Don't want to burst your bubble....but sometimes one needs a jolt of reality....


----------



## ohiohomedoctor (Dec 26, 2010)

I did the same thing with the same amount of kids. Just do it. It will be tough at first but hussle and it will work. The fact that you are considering it with a young family tells me your ready. Hang out here and you will do just fine. Did you post an introduction thread yet?


----------



## ohiohomedoctor (Dec 26, 2010)

griz said:


> Wife & 2 kids is a blessing & a tremendous responsibility.
> 
> If your current employer provides steady work & a reliable paycheck...
> 
> ...


That is very good advice but I didnt have any of that..


----------



## griz (Nov 26, 2009)

ohiohomedoctor said:


> That is very good advice but I didnt have any of that..


What was the status of the economy when you started out?

It is a jump that *CAN* be made...just not everyone can do it....

His wife will play a* HUGE* role in determining if this works.


----------



## overanalyze (Dec 28, 2010)

griz said:


> What was the status of the economy when you started out?
> 
> It is a jump that CAN be made...just not everyone can do it....
> 
> His wife will play a HUGE role in determining if this works.


Good point Griz! When I made the jump I was lucky it was at the beginning of the housing boom so things were decent for us during the first five years...today...not so sure we would have made it.


----------



## Nick1001 (Nov 4, 2012)

A couple grand in savings, in the process of looking for a van, and have plenty of tools to get started. I've kind of been planning for this time I just thought I would wait a couple more years, it's just getting tougher each day to deal with the boss. He's more worried about the check than the quality of work.


----------



## ohiohomedoctor (Dec 26, 2010)

griz said:


> What was the status of the economy when you started out?
> 
> It is a jump that CAN be made...just not everyone can do it....
> 
> His wife will play a HUGE role in determining if this works.


Thats a great point again. The economy was 04ish. My wife was a huge supporting factor in my advancement. As Griz mentioned, you need her to be on board. We went from secured pay check to really struggling at first. She has to know its an investment.


----------



## drumster21 (Oct 31, 2012)

I have a wife and 2 kids also. I'm 26 and just got my general contractors license. Get your stuff in order while you still work your job, then leave when your ready. I have been around this since I was a kid and was also foreman but decided it was time to be the contractor. I just advertised a little and work mostly by myself which I don't always plan on doing. You can make more money being a contractor but it is a lot of work and stressful at times. But you can do it!


----------



## ohiohomedoctor (Dec 26, 2010)

You can also loose your ballz very quickly. You have to be certain your ready.

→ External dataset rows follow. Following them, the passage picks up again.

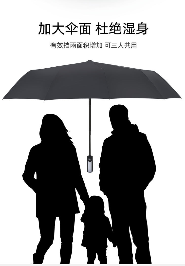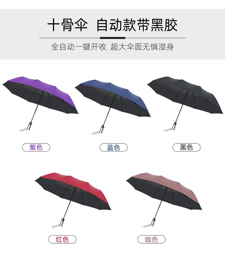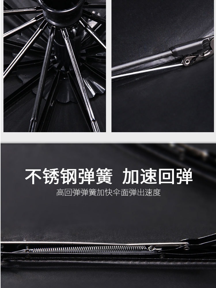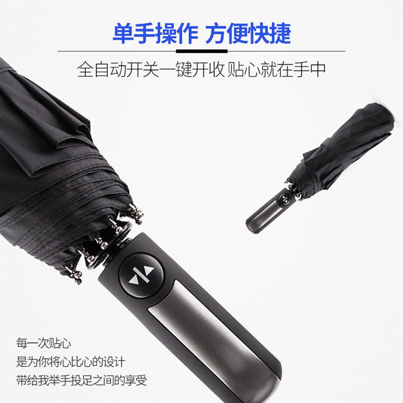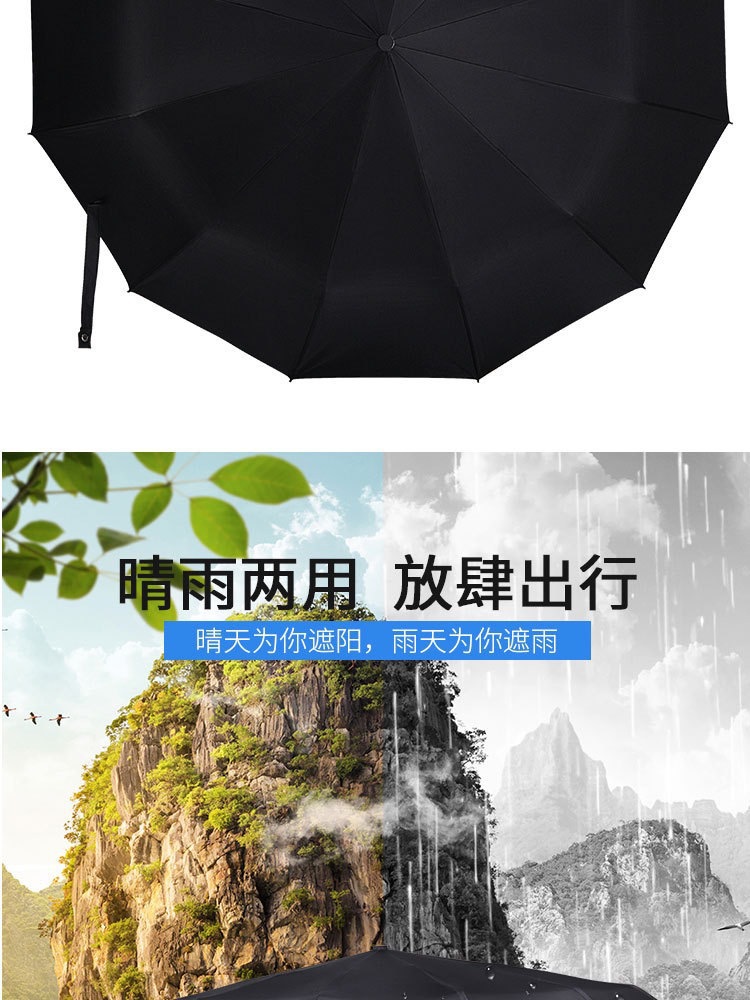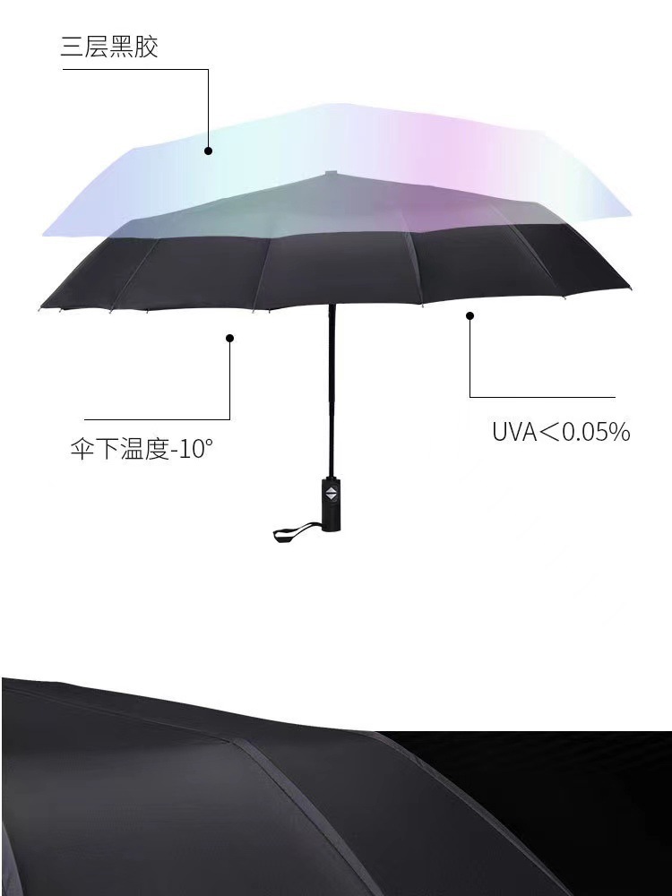 10단 완전 자동 양산/우산 광고용 우산 로고 인쇄 가능 대형 비즈니스 블랙 글로시 자외선 차단 접이식 우산스토어 가기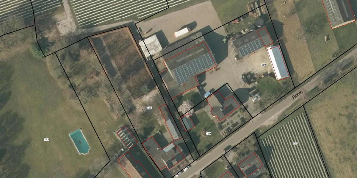 Het perceel waarop Rooth 17 staat heeft een oppervlakte van 2846 m². Dit is een zeer groot perceel. De perceeloppervlakte wordt geregistreerd door het Kadaster. Gedetailleerde informatie over de maten van dit perceel kunt u vinden in het rapport Kadastrale kaart met maatvoering van Rooth 17.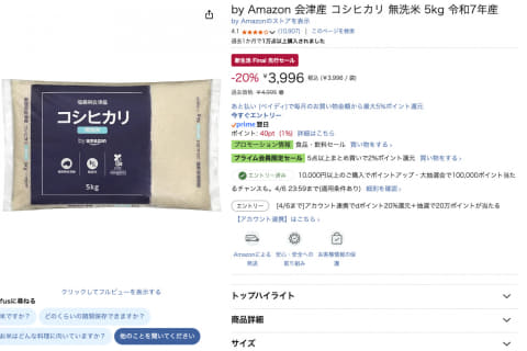 Amazonで「会津産 コシヒカリ」5kgが3996円。数量限定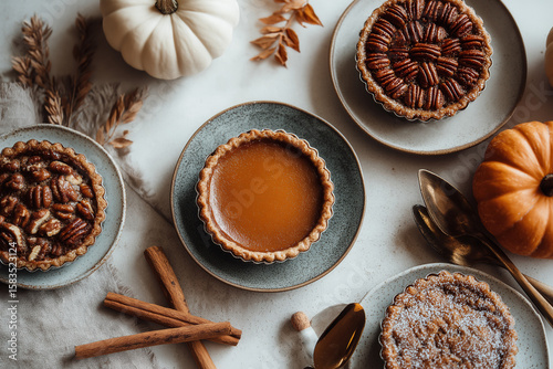 autumn desserts: individual pumpkin pies, pecan tartlets, and cinnamon sticks on light backdrop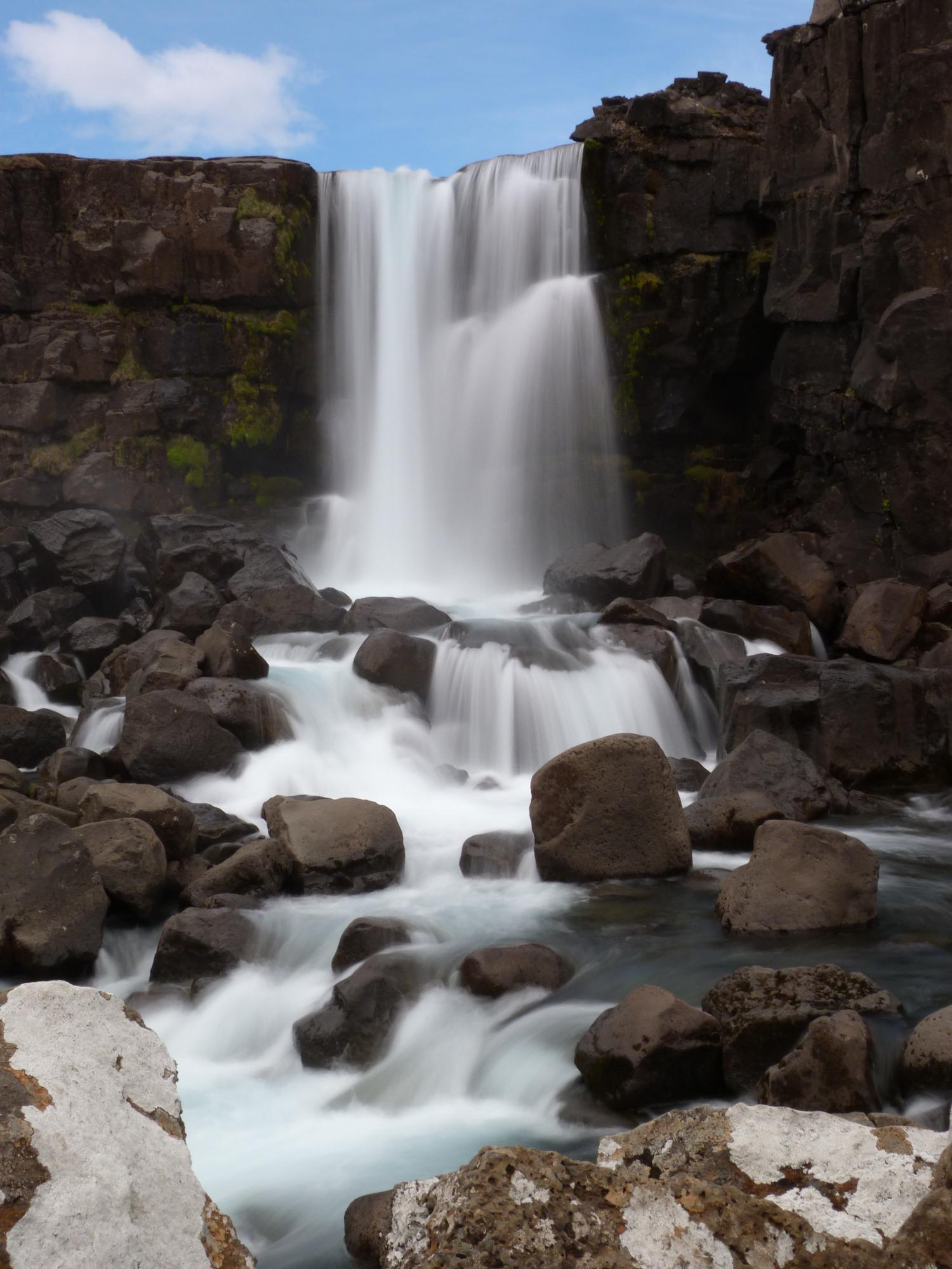 Dimanche 12 juin : on petit déjeune dehors au soleil, il fait 11°C ! Vers 10h00, on part pour Thingvellir. Il y a environ 1h00 par la route 36. C'est l'endroit où se rencontrent les 2 plaques américaine et européenne. Une ballade permet de voir les falaises, le site de l'Hémicycle (lieu où se réunissait le premier parlement - classé au patrimoine mondial de l'Unesco), la cascade Oxararfoss,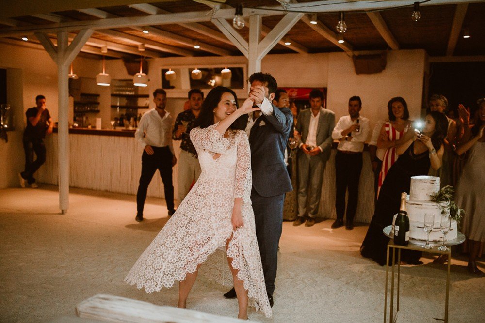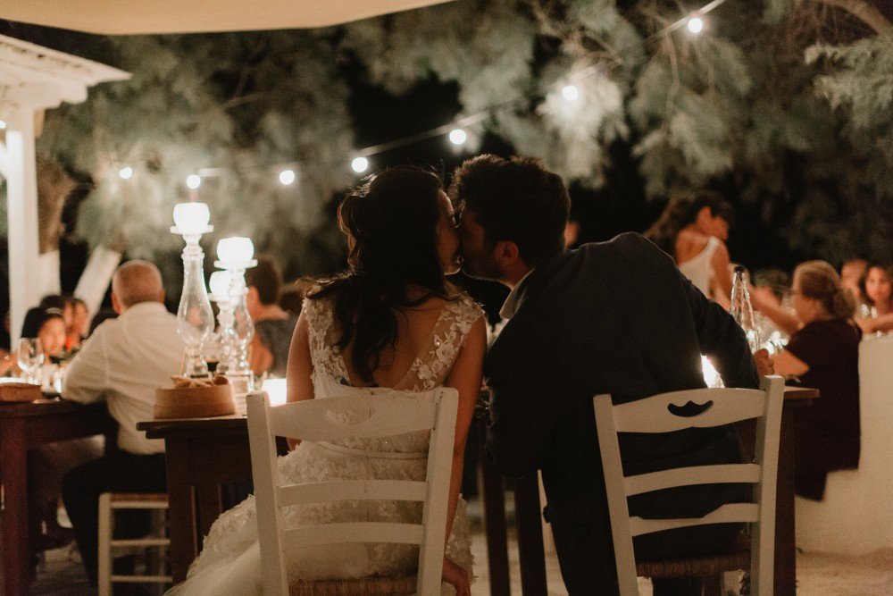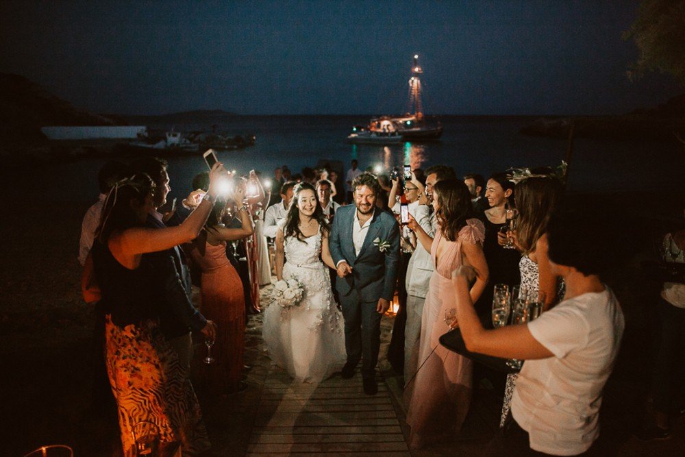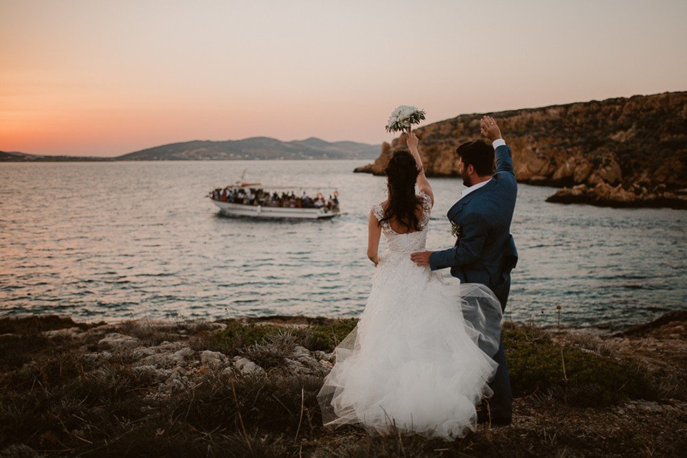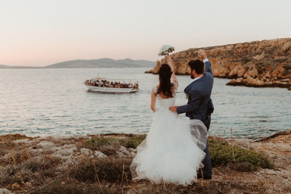 Antiparos, a small cozy island is located just across its bigger brother Paros. The beautiful island was the chosen location of this couple, who brought their family and friends from all over the world, to celebrate their secret union here.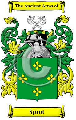 | Sprot History, Family Crest & Coats of Arms Early Origins of the Sprot familyThe surname Sprot was first found in Dorset, where the name appeared in the Domesday Book of 1086 as Sprott, which was later changed to Spratt. The family branched into Devon and they also branched to Wareham in Dorset. One source notes that the name could have been derived from "sprot (twig or small branch); one thought to possess some characteristic of a sprat (fish); dweller at the sign of the sprat. " 1 The Hundredorum Rolls of 1273 had various entries for the name in various counties: Henry Sprot, Cambridgeshire; Richard Sprot, Oxfordshire; and Simon Sprot in Bedfordshire. John Sprot was listed in Somerset, 1 Edward III (during the first year of King Edward III's reign. 2 Agnes Sproate was listed in the Yorkshire Poll Tax Rolls of 1379 and later John Sprott de Surlingham, Norfolk was listed in the History of Norfolk. 3 Much further to the north in Scotland, the name there was "perhaps from Sprot, an Old English personal name, but more likely to be of Scandinavian origin. The tradition of those bearing this name in Scotland is that their ancestors were Saxons who came into Scotland after the Norman Conquest of England. The first recorded of the name in Scotland appears to be Hugh Sprot of Ur who witnessed a charter by Eustace Baliol granting the church and lands of Hur (Urr) in 1262 to the monks of Holyrood. " 4 "Jack Sprat" (or "Jack Spratt") is an English language nursery rhyme that was first published in 1639 in John Clarke's collection of sayings. The rhyme was then later reprinted in Mother Goose's Melody around 1765. Early History of the Sprot familyThis web page shows only a small excerpt of our Sprot research. Another 160 words (11 lines of text) covering the years 1290, 1307, 1376, 1398, 1443, 1457, 1479, 1505, 1582, 1594, 1600, 1616, 1623, 1628, 1635, 1666, 1684, 1713, 1890 and 1987 are included under the topic Early Sprot History in all our PDF Extended History products and printed products wherever possible. Sprot Spelling VariationsSpelling variations of this family name include: Spratt, Spratte, Sprat, Sprett, Spret, Sprott and others. Early Notables of the Sprot family- Blessed Thomas Sprott (died 1600), also spelled Thomas Spratt, an English martyr from Skelsmergh, near Kendal in Westmorland; he was among the eighty-five martyrs of England and Wales beatified by Pop...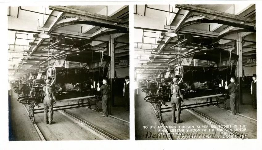 Black and white stereoscopic card containing photos of men handling final assembly of a Hudson Super-Six's body on the assembly line at the Hudson Motor Car Company. Under the right view is the caption, "No B17 Mounting Hudson Super-Six Bodies In The / Final Assembly Room Of The Hudson Motor / Car Company / Hudson Motor Car Co, Detroit, USA" in typed white text. The card was produced by The Corte-Scope Company out of Cleveland, Ohio.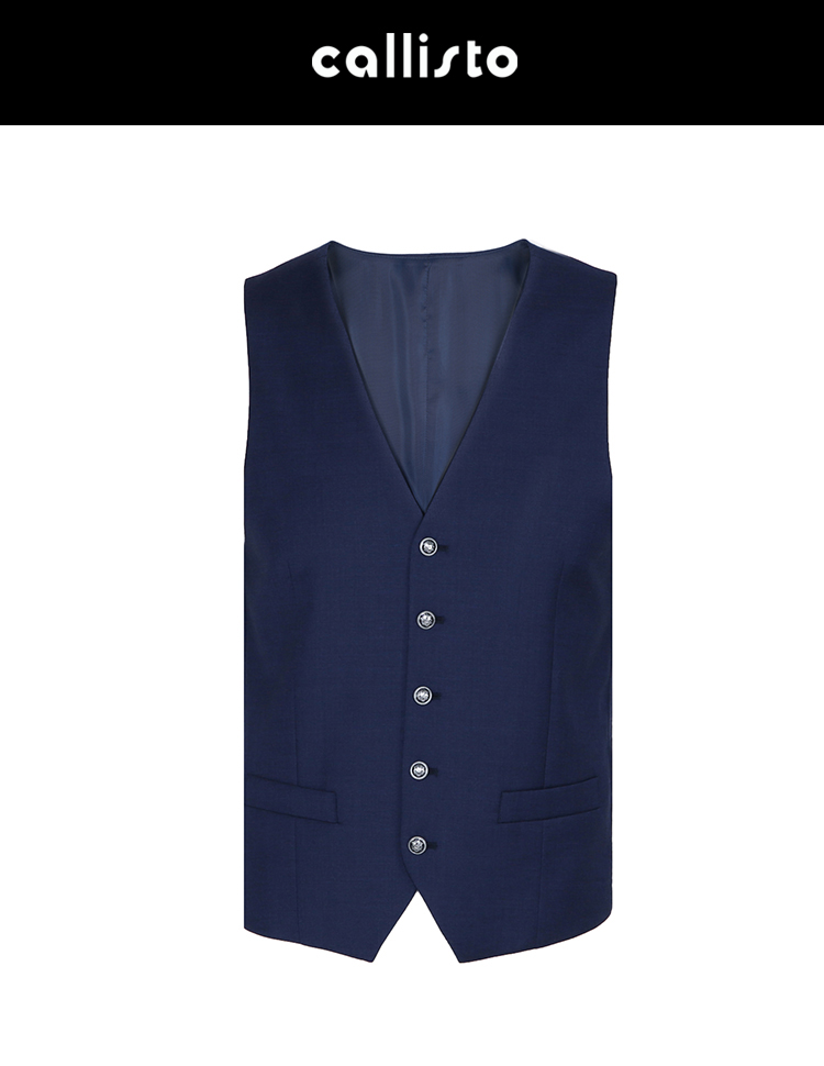 callisto藏蓝全羊毛珐琅扣马夹 FRBWV051C

Onky you know whats best for your family. Starting a business because you dont like your boss is not a good reason. The reason needs to be because you believe in yourself


----------



## Nick1001 (Nov 4, 2012)

ohiohomedoctor said:


> You can also loose your ballz very quickly. You have to be certain your ready. Onky you know whats best for your family. Starting a business because you dont **** your boss is not a good reason. The reason needs to be because you believe in yourself


I know I can do it. I've grown up around construction my whole life. Not trying to be cocky or anything but like you said you need to believe in yourself. I practically run the company I work for, it's just the 2 big things I don't do, bid and find work.


----------



## ohiohomedoctor (Dec 26, 2010)

You have a website yet?


----------



## griz (Nov 26, 2009)

Nick1001 said:


> ...I know I can do it.... it's just the 2 big things I don't do, bid and find work.


Just how much experience do you have bidding work?

Do you know what your OVERHEAD really is?


----------



## ohiohomedoctor (Dec 26, 2010)

griz said:


> Just how much experience do you have bidding work?
> 
> Do you know what your OVERHEAD really is?


Griz we all know what his overhead right now is, $0. :laughing:


----------



## griz (Nov 26, 2009)

ohiohomedoctor said:


> Griz we all know what his overhead right now is, $0. :laughing:


Matt, you need help....:whistling:laughing::laughing::thumbup:


----------



## Nick1001 (Nov 4, 2012)

ohiohomedoctor said:


> You have a website yet?


Not yet


----------



## Nick1001 (Nov 4, 2012)

griz said:


> Just how much experience do you have bidding work?
> 
> Do you know what your OVERHEAD really is?


Just some side jobs over the years


----------



## ohiohomedoctor (Dec 26, 2010)

griz said:


> Matt, you need help....:whistling:laughing::laughing::thumbup:


Thanks. The Op is the more urgent case right now though.. : whistling

I do need help now that you mention it. I have a lumber package in the back of my truck that I need to turn into shelving for my new jacks tomorrow.


----------



## Aura Detail (Oct 21, 2012)

I'd suggest making sure you have a client base, no matter how small. You may have a hard time getting the ball rolling if you don't have any jobs lined up that can turn into referrals.


----------